A ground-breaking experiment could usher in a new era of genetic engineering.
Scientists from The Scripps Research Institute found new uses for a nucleotide transporter and the gene editing technology CRISPR-Cas9 to create the first stable semisynthetic organism.
The researchers harnessed these tools to modify common E.coli bacterium, which uses traditional A,C, G, and T bases in its genetic sequence, but also contains artificial bases labeled X and Y in its genetic sequence.
It took a few steps to create this new lifeform.
First, they altered a nucleotide transporter to ensure the bacterium doesn’t get “sick” while absorbing the artificial base pairs. The technology is responsible for delivering the important materials needed for the microbe to retain the artificial base pairs so it can be copied across the cell membrane.
“Your genome isn’t just stable for a day,” said lead researcher and Scripps Biology Professor Floyd Romesberg, Ph.D., in a statement. “Your genome has to be stable for the scale of your lifetime.
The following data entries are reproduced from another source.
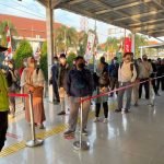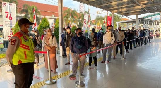 KAI Commuter tetap melayani pengguna kereta rel listrik (KRL) pada 16 dan 17 Agustus 2021. Pagi ini, seluruh calon pengguna KRL antre dengan tertib saat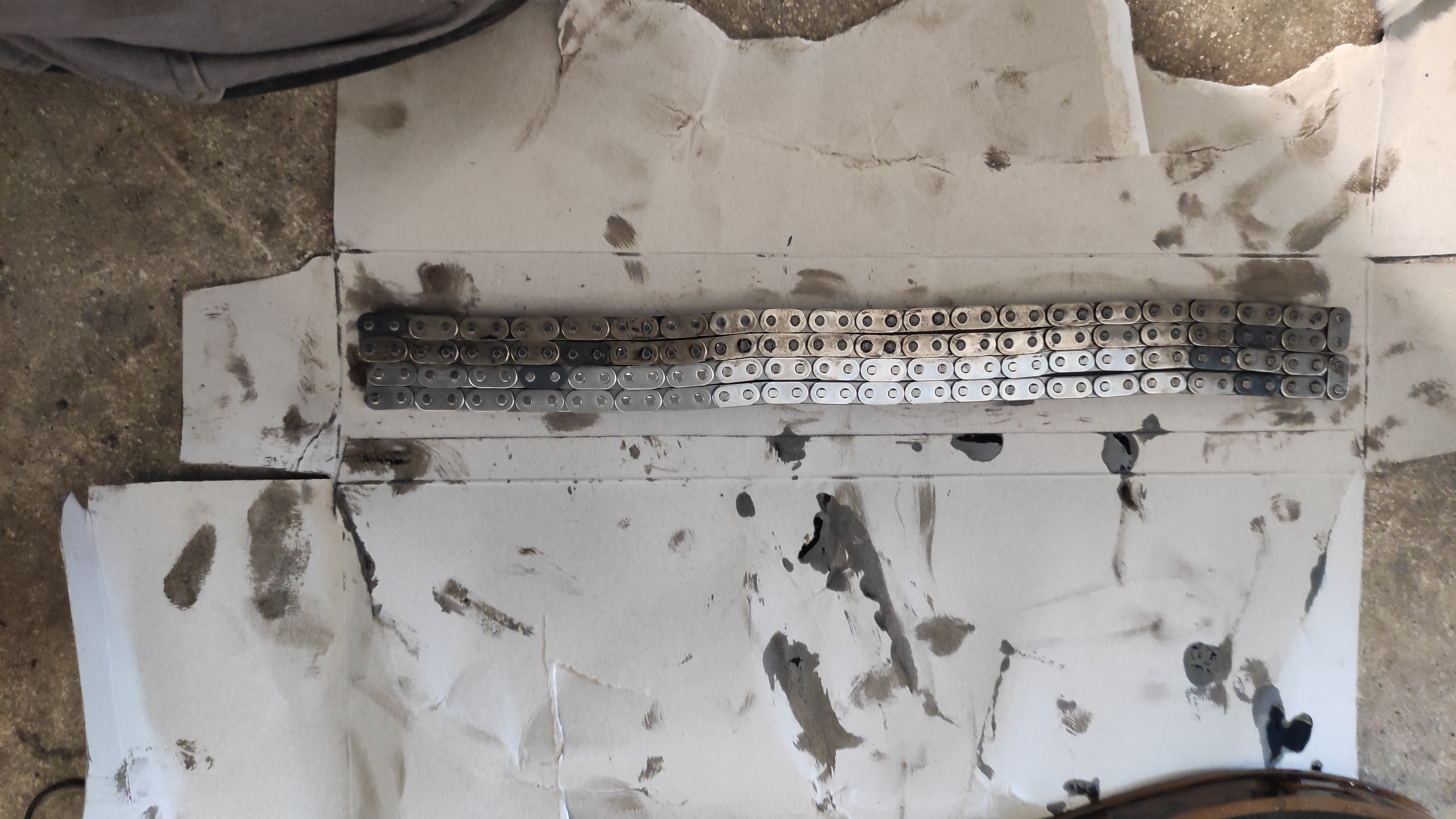 Čo ma však trápi doteraz je rachotanie. Po štarte sa ozývalo najprv kratko neskor aj za tepla. Takže som si z vtedy jedného dostupneho zdroja (island 4x4) objednal rozvodovu sadu a rozvody vymenil. Ozubené kolieska boli nedostupné takže som ich nechal pôvodné, na pohľad bez poškodenia. Nové boli reťaze, napinaky a klzáky. Na foto dole je porovnaná nová a pôvodná reťaz. No rozdiel mi nepríde výrazný.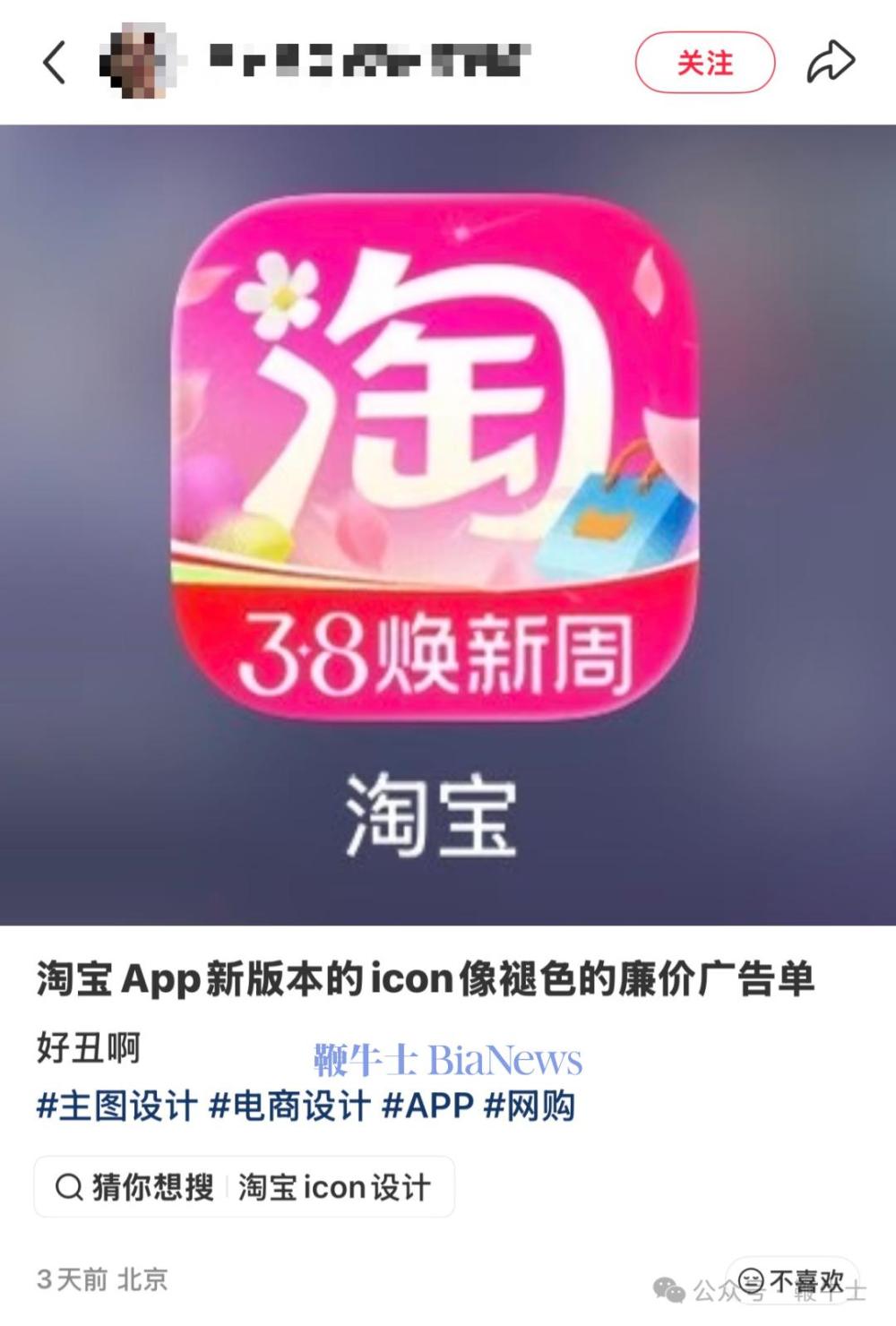 有评论直言,“淘宝App新版本的icon像褪色的廉价广告单,好丑啊。”

If the semisynthetic organism is going to really be an organism, it has to be able to stably maintain that information.”
The scientists took additional measures like making a Y letter that was easier to copy compared to previous experiments while using CRISPR-Cas9 to engineer a type of immune response where the organism would view genetic sequences that didn’t contain X and Y as a “foreign invader” therefore marking those cells for destruction.
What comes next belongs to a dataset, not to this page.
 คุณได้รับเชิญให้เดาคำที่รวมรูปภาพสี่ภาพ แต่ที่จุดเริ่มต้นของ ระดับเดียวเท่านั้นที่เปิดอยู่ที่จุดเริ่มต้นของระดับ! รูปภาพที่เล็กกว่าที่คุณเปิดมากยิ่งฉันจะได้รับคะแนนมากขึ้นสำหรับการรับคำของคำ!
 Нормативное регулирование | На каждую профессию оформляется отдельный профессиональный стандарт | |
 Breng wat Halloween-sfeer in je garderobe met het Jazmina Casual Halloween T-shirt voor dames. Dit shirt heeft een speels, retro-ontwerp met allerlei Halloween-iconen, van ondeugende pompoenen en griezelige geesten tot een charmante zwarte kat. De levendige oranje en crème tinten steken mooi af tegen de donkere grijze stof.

Ultimately, these procedures worked as the organism was able to keep X and Y in its genome as it divided 60 times.
The synthetic bases can currently do nothing other than survive in these microbes, according to The Guardian, but the next step in this project is to make the bacterium read this genetic material to potentially make proteins not typically found in nature.
Details of these findings were published in the journal Proceedings of the National Academy of Sciences.